Lenses, with its Lenses SQL streaming engine already adopted by many industry-leading organisations, is well placed to support data protection compliance and help companies meet evolving data governance demands.

If we take a step back from GDPR, modern data operations that include streaming components like Kafka, should ensure data availability, integrity and security, while protecting and governing usage of Personal Identifiable Information (PII). What customer information do I have? How we receive this data? Who has access or looked to the data? How to report this information? .. and the list goes on!

Fine grained security

By treating security as a first class citizen for all User Access Rights & processes, Lenses ensures exactly who should be allowed to use the data and enforces the access rights across all data in motion. Authentication and Authorisation is supported by either basic Role Based Access or LDAP and Active Directory (or Kerberos / TLS certificates). Effective access control is enhanced via black list and/or white list permissions assigned to User Groups or individual users, for particular data sets. In addition to that Access Control Lists and Quotas make large multi-tenant environments safe and secure. Using Lenses you can now govern your data-in motion, while controlling finely who has access (read or write level) and how data is used.

Monitor and Report data access

Lenses continuously monitors every aspect of the system and user activity, and captures detailed records of every action or data-access pattern, in an immutable audit log. Every action like creating, amending or deleting a topic, processor, connector or admin changes like ACLs or Quotas or changing a configuration is tracked. Lenses also monitors the data access activity, whether this originated from the Lenses web interface, a REST / WS call, CLI, BI tool. The audit log protected with an ACL (Access Control List) rule, means that only the authorised users may access it, but is also queryable so that we can easily answer the WHO did WHAT and WHEN.
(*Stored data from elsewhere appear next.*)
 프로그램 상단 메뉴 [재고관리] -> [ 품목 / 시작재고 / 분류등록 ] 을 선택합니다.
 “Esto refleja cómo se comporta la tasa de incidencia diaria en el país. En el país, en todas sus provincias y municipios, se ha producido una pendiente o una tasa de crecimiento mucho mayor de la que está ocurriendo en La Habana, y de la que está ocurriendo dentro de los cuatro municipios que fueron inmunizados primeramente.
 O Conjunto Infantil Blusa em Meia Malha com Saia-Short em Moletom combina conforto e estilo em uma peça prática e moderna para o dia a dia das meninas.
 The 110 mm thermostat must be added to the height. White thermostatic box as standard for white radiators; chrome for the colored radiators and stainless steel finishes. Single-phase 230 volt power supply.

We strongly encourage all actions to go through Lenses, so that role based access, security checks and auditing is enforced, and other services to be firewalled in production environments. What happens if an operation happens directly to the systems? Again an audit event is generated as Lenses periodically watches all resources and identifies such actions and its timestamp.

In addition to monitoring you data in motion, Lenses can be used to trigger relevant Alerts in order to notify you, about particular activities, such as deleting or adding a new dataset, or removing existing records. Alerts on specific user and system activity can further ensure data availability and integrity.

Right to Retrieve Data

One of the fundamental requirements of GDPR is the Right to Retrieve Personal Data.
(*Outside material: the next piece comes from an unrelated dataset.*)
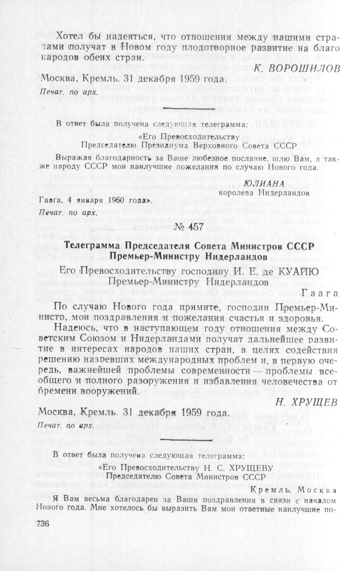 Телеграмма Премьер-Министра Нидерландов Председателю Совета Министров СССР. 6 января 1960 г. // Печат. по арх.

With Lenses SQL the above requirement can be covered via a set of simple but thorough queries into the topics that contain PII data:

SELECT * from topicA WHERE customer.id = "XXX"

Lenses will retrieve and deserialize the data from a binary format (i.e. Avro) into a human-readable format and provide full Control Execution.

Control Execution brings into context the fact that streaming SQL is operating on un-bounded streams of events: A query would normally be a never-ending query. In order to bring query termination schemantics into Apache Kafka we introduced 4 controls:

  • LIMIT 10000 - Force the query to terminate when 10,000 records are matched
  • max.bytes = 20000000 - Force the query to terminate once 20 MBytes have been retrieved
  • max.time = 60000 - Force the query to terminate after 60 seconds
  • max.zero.polls = 8 - Force the query to terminate after 8 consecutive polls are empty, indicating we have exhausted a topic

Thus when requested to retrieve all data for a particular user, under the new regulations use the query with:

SET `max.bytes` = 1000000000;
SET `max.time` = 60000000;
SELECT * from topicA WHERE customer.id = "XXX"
-- or WHERE _key.customer.id = "XXX"

The above does NOT include a LIMIT clause as we want to retrieve all records and sets the max timeout to 1 hour to do an exhaustive search even on topics with Billions of messages, or when Quotas are in place. The query will normally terminate much faster, after 8 consecutive polls are empty (can be adjusted), as there is no need to keep querying the topic once we have exhausted all available partitions and offsets.

If you want to automate the retrieval of PPI data, you can automate querying multiple topics, via the relevant REST and WebSocket APIs, or use the Lenses CLI, or JDBC or Python or Go libraries.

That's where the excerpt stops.